__Task details__. Return the data below unchanged, without images.

[Stored items from a collection]
********************

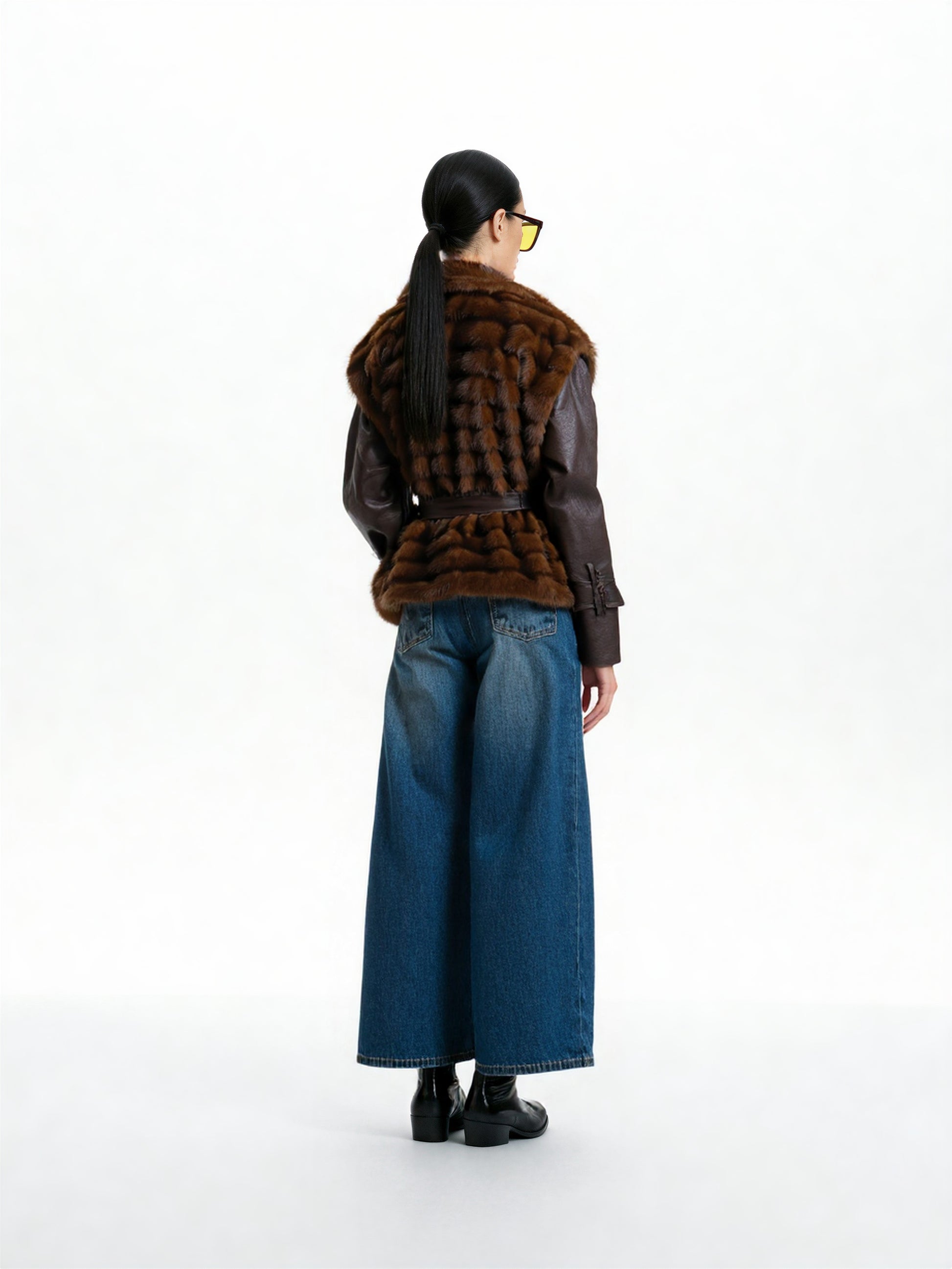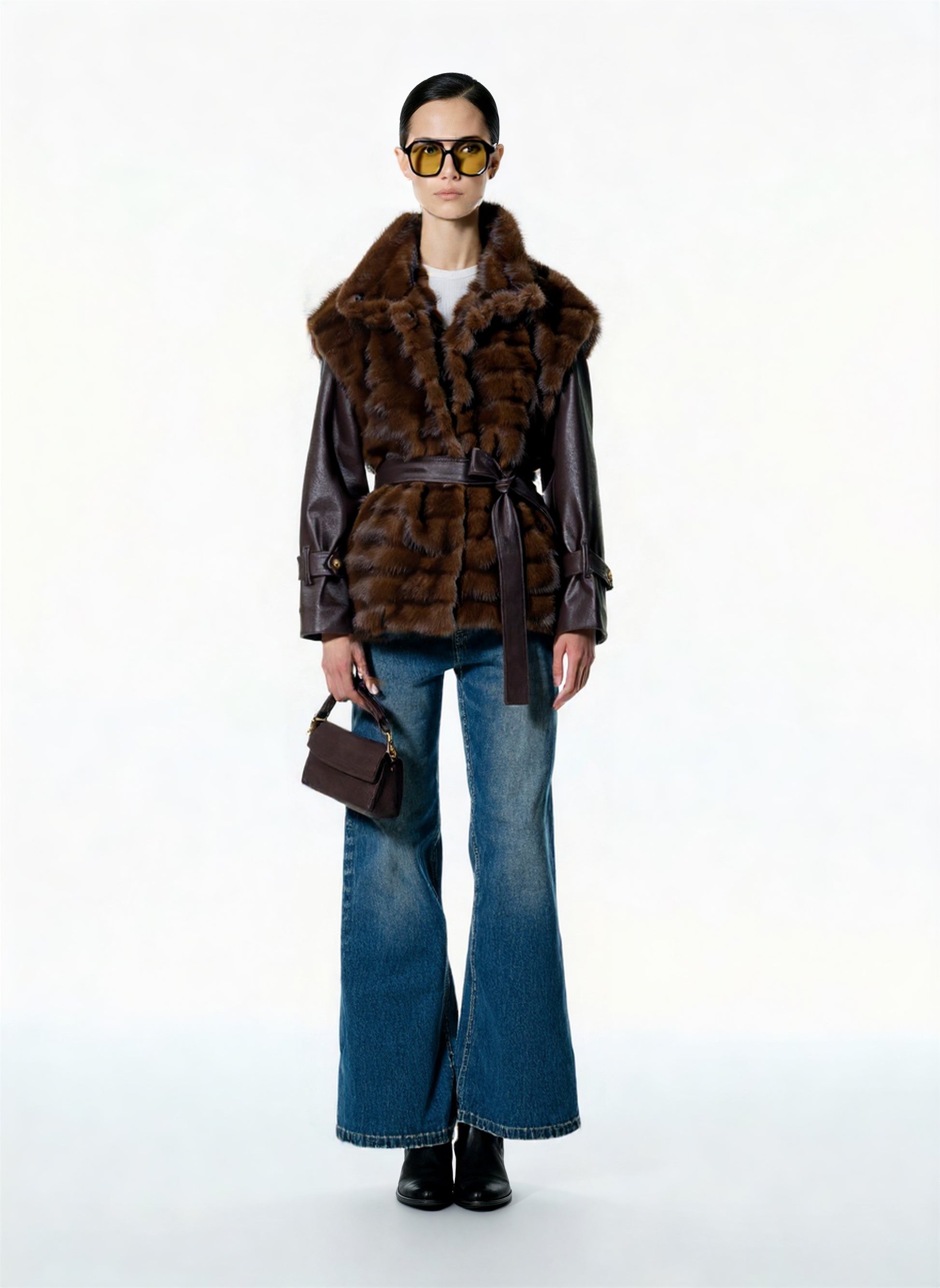 Questa giacca combina la calda morbidezza della pelliccia ecologica, alle maniche e cintura in ecopelle, conferendo un’estetica contemporanea e raffinata. Le tasche laterali offrono funzionalità senza compromettere lo stile, mentre la chiusura con bottoni a clip nascosti mantiene un profilo pulito e sofisticato. Pensata per garantire comfort e personalità.
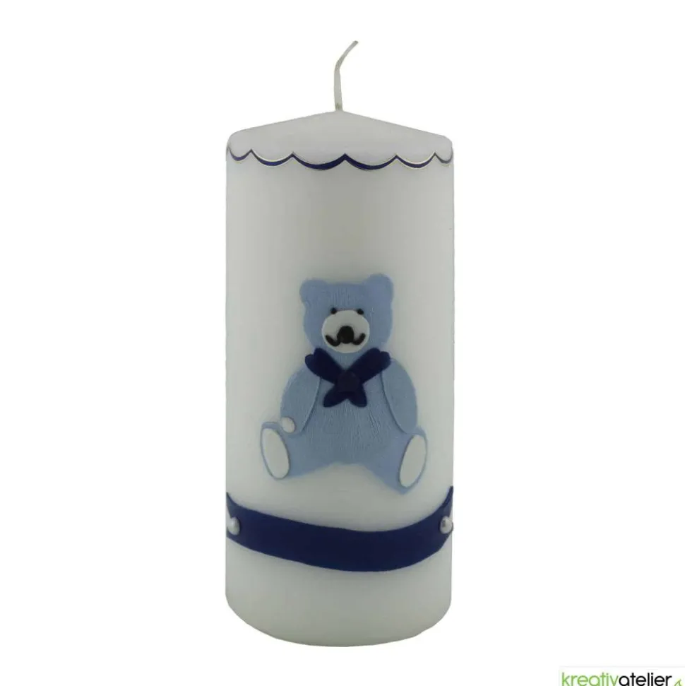 Diese handgefertigte Geburtskerze trägt eine tiefe symbolische Bedeutung. Das Licht der Kerze steht für das neue Leben und die Hoffnung, die das Kind in die Welt bringt. Der hellblaue Bär symbolisiert Geborgenheit, Schutz und die kindliche Unschuld, die mit der Geburt eines Babys verbunden sind. Die zarten Verzierungen in Blau verleihen der Kerze eine friedliche und beruhigende Ausstrahlung, die den Wunsch nach einem behüteten Lebensweg für das Kind zum Ausdruck bringt.
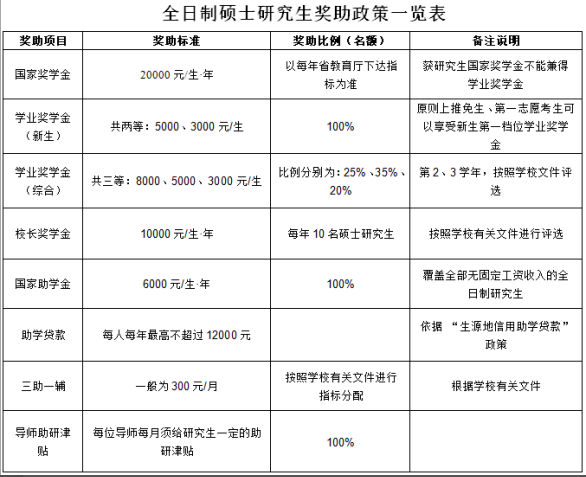 注:以上所列獎助標準及比例如有與有關文件沖突,均以國家、省、學校下發的最新政策文件為準。
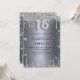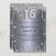 En modern, snyggt och glamorös inbjudan till en flickvän 16, 16:e födelsedagsfesten. En faux silver-tittar bakgrund, dekorerad med glitter-damm. Anpassa och lägg till ditt namn och information om party. Nummer 16 skrivs med ett stil-skript med ballong.
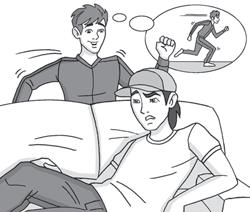 Nick: It’s Saturday morning and we are birdwatching with my uncle again. He’s got a big garden and there is a place with three feeders. He puts food for the birds there. We are wearing anoraks, gloves and woolly hats. It’s cold but it is not freezing. The sun is shining and it’s not windy. We are standing in a special wooden shelter close to the feeders. There’s a small narrow window in the shelter. We do not need any binoculars. Andy and my uncle are taking photos.
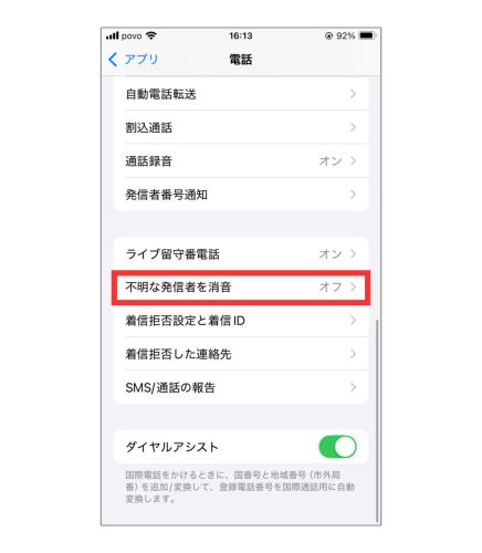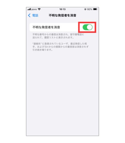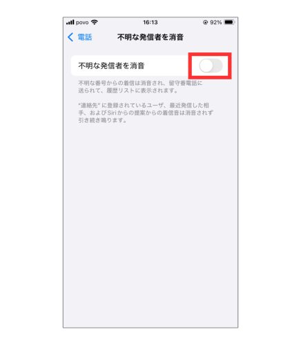 下のほうにスクロールすると「不明な発信者を消音」という項目が出てくるのでこれを押します。
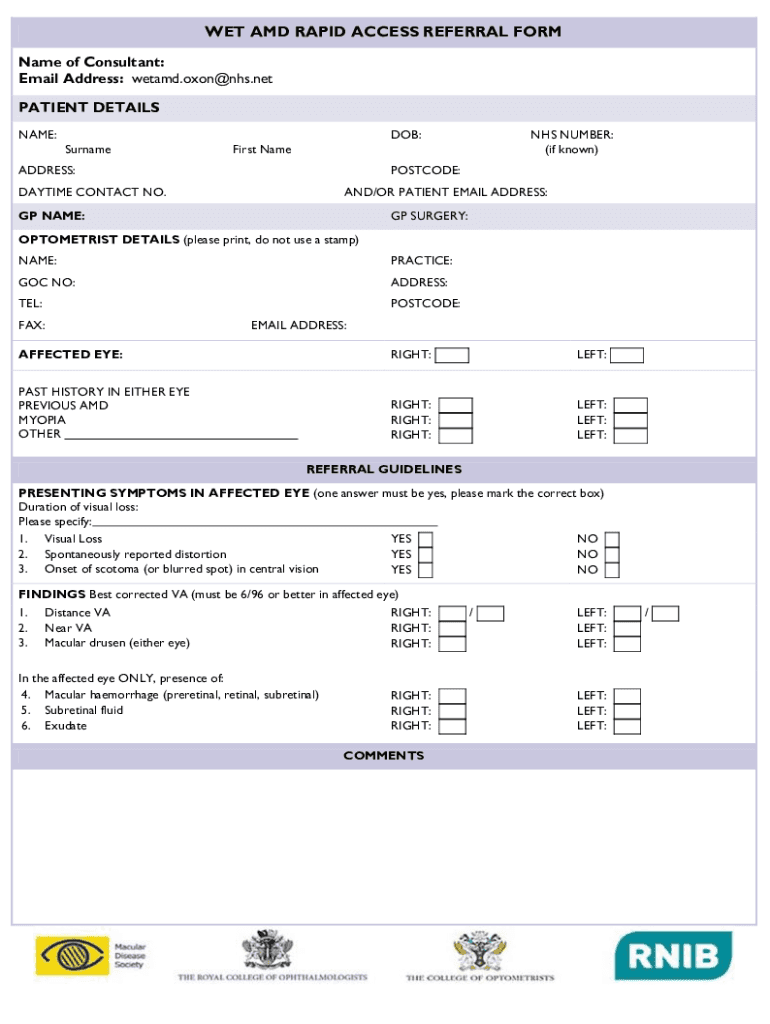 WET AMD RAPID ACCESS REFERRAL FORM Name of Consultant: Email Address: wetamd.oxon@nhs.net PATIENT DETAILS NAME:Surname DOB:First Headdress:NHS NUMBER: (if known)POSTCODE:DAYTIME CONTACT NO.AND/OR

********************

__Answer section__.
 Questa giacca combina la calda morbidezza della pelliccia ecologica, alle maniche e cintura in ecopelle, conferendo un’estetica contemporanea e raffinata. Le tasche laterali offrono funzionalità senza compromettere lo stile, mentre la chiusura con bottoni a clip nascosti mantiene un profilo pulito e sofisticato. Pensata per garantire comfort e personalità.
 Diese handgefertigte Geburtskerze trägt eine tiefe symbolische Bedeutung. Das Licht der Kerze steht für das neue Leben und die Hoffnung, die das Kind in die Welt bringt. Der hellblaue Bär symbolisiert Geborgenheit, Schutz und die kindliche Unschuld, die mit der Geburt eines Babys verbunden sind. Die zarten Verzierungen in Blau verleihen der Kerze eine friedliche und beruhigende Ausstrahlung, die den Wunsch nach einem behüteten Lebensweg für das Kind zum Ausdruck bringt.
 注:以上所列獎助標準及比例如有與有關文件沖突,均以國家、省、學校下發的最新政策文件為準。
 En modern, snyggt och glamorös inbjudan till en flickvän 16, 16:e födelsedagsfesten. En faux silver-tittar bakgrund, dekorerad med glitter-damm. Anpassa och lägg till ditt namn och information om party. Nummer 16 skrivs med ett stil-skript med ballong.
 Nick: It’s Saturday morning and we are birdwatching with my uncle again. He’s got a big garden and there is a place with three feeders. He puts food for the birds there. We are wearing anoraks, gloves and woolly hats. It’s cold but it is not freezing. The sun is shining and it’s not windy. We are standing in a special wooden shelter close to the feeders. There’s a small narrow window in the shelter. We do not need any binoculars. Andy and my uncle are taking photos.
 下のほうにスクロールすると「不明な発信者を消音」という項目が出てくるのでこれを押します。
 WET AMD RAPID ACCESS REFERRAL FORM Name of Consultant: Email Address: wetamd.oxon@nhs.net PATIENT DETAILS NAME:Surname DOB:First Headdress:NHS NUMBER: (if known)POSTCODE:DAYTIME CONTACT NO.AND/OR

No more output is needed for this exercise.